$X$ is a normal random variable:

$$X \sim \mathcal{N}(\mu,\sigma^2)$$

Then $Y = 1/X$ has the following probability density function (see wiki):

$$f(y) = \frac{1}{y^2\sqrt{2\sigma^2\pi}}\, \exp\left(-\frac{(\frac{1}{y} - \mu)^2}{2 \sigma^2}\right)$$

This distribution of $Y$ does not have moments since (stackExchange):

$$\int_{-\infty}^{+\infty}|x|f(x)\,dx = \infty$$

An intuitive explanation of this is that the distributions tails are too heavy and consequently the law of large number fails. The more samples that are drawn and averaged the less stable this average is. The non-zero probability density that $X = 0$ means that $Y$ will not have finite moments since there is a non-zero probability that $Y = \infty$.

However in simulation for a non-zero mean and small variance $X \sim \mathcal{N}(1,0.1)$ the distribution of $Y$ is seemingly well-behaved with $E[Y] = 0.1010$ and $\text{Var}(Y) = 0.0109$. However theoretically these moments are not finite. As the variance of $X$ increases the mean and variance of $Y$ become both larger and increasingly unstable. As the variance of $X$ continues to increase the moments of $Y$ become increasingly unstable as the number of samples of $Y$ increases. This is contrary to the typical expectation that the variance of the mean estimate should decrease as the number of samples increases.

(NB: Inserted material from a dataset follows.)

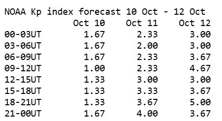 Jungtinių Amerikos Valstijų Nacionalinės vandenynų ir atmosferos tyrimų administracijos (NOAA) artimiausių trijų dienų prognozėje nurodoma, kad šiandien, skirtingai nei ankstesnio šaltinio duomenimis, magnetinės audros nebus. Geomagnetinio lauko aktyvumas maksimaliai pakils iki vos 1,67 balo.

Could you offer any insights into this strange behaviour? Why did the moments of $Y$ appear stable for $X \sim \mathcal{N}(1,0.1)$? Histogram

  • $\begingroup$ The unstability you mention is exactly a consequence of the fact that Y is not integrable. To go further on the "E[Y]=0.1010 and Var(Y)=0.0109" part, we would need details on the simulations you performed. $\endgroup$ – Did Aug 11 '16 at 14:06
  • $\begingroup$ Generate normal samples of $X$. Take the reciprocal of these samples to get $Y$. Then I plotted the histogram and calculated the mean and variance of the samples of $Y$. $\endgroup$ – egg Aug 11 '16 at 14:08
  • $\begingroup$ Sample size? How many samples? $\endgroup$ – Did Aug 11 '16 at 14:15
  • $\begingroup$ To produce the histogram I used 1,000,000 samples in Matlab. But even using 100 samples gives a similar sample mean and variance. $\endgroup$ – egg Aug 11 '16 at 14:24
  • $\begingroup$ Not everything can be successfully simulated. Because of the limitations of floating point arithmetic the procedure for generating standard normal random variables in many computer packages gives answers restricted to something like $(-7, 7).$ Even with a theoretically perfect generator, you'd usually have to do more than a million iterations to see a value from NORM(1, .1) that rounds to 0 in the denominator. Digital computers deal with a carefully chosen, very large, finite subset of the rationals. Not with the reals. For most practical applications, this is good enough, but not here. $\endgroup$ – BruceET Aug 11 '16 at 15:56

This behaviour is an example of conditional convergence. A perhaps simpler example to start with is $$ \int_{-1}^1 \frac{\mathrm{d}x}{x} \text{.}$$ This integrand is going to infinity as it approaches $0$ form the right an negative infinity as it approaches zero from the left. If we successively approximate this integral as $$ \int_{-1}^{-M} \frac{\mathrm{d}x}{x} + \int_{M}^{1} \frac{\mathrm{d}x}{x} \text{,} $$ we have arranged to carefully cancel the positive and negative contributions. No matter what positive value we pick for $M$, these two integrals are finite and their values cancel. But this is not how we evaluate improper integrals. (An integral that only gave useful answers if you sneak up on infinities in just the right way is too treacherous to trust. Taking this very special way of sneaking up on the infinities gives the Cauchy principal value.) Instead, we require that the two integrals can squeeze in towards zero independently and that regardless of how they do so we get the same answer. Contrast the above with $$ \int_{-1}^{-M} \frac{\mathrm{d}x}{x} + \int_{M/2}^{1} \frac{\mathrm{d}x}{x} \text{,} $$ which is always positive (because we include more of the positive part than of the negative part) and diverges to infinity. We can arrange to diverge to negative infinity by moving the "${}/2$" to the other integral.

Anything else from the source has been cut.